- [Exercise brief]: For the data that follows, return each line unchanged and drop the pictures.

- [Entries supplied]:
┌──

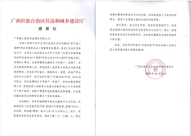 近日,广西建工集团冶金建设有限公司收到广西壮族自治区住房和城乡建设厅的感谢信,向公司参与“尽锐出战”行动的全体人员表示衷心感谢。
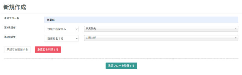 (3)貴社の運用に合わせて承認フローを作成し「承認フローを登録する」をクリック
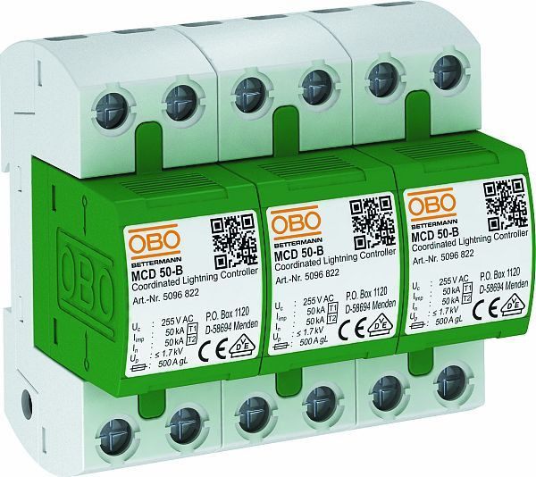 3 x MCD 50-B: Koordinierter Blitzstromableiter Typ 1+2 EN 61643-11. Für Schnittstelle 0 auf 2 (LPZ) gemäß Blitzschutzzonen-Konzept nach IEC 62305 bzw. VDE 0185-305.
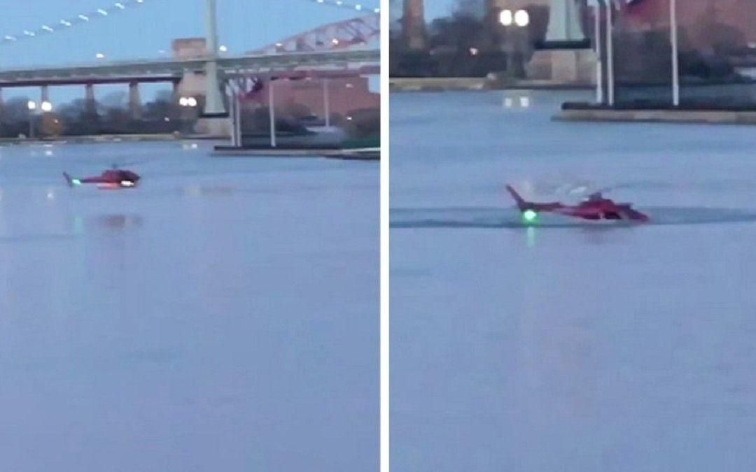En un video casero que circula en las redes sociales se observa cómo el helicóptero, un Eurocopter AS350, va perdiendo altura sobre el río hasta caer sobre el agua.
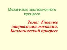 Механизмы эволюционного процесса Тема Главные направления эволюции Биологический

└──

- [Answer to the exercise]:
 近日,广西建工集团冶金建设有限公司收到广西壮族自治区住房和城乡建设厅的感谢信,向公司参与“尽锐出战”行动的全体人员表示衷心感谢。
 (3)貴社の運用に合わせて承認フローを作成し「承認フローを登録する」をクリック
 3 x MCD 50-B: Koordinierter Blitzstromableiter Typ 1+2 EN 61643-11. Für Schnittstelle 0 auf 2 (LPZ) gemäß Blitzschutzzonen-Konzept nach IEC 62305 bzw. VDE 0185-305.
En un video casero que circula en las redes sociales se observa cómo el helicóptero, un Eurocopter AS350, va perdiendo altura sobre el río hasta caer sobre el agua.
 Механизмы эволюционного процесса Тема Главные направления эволюции Биологический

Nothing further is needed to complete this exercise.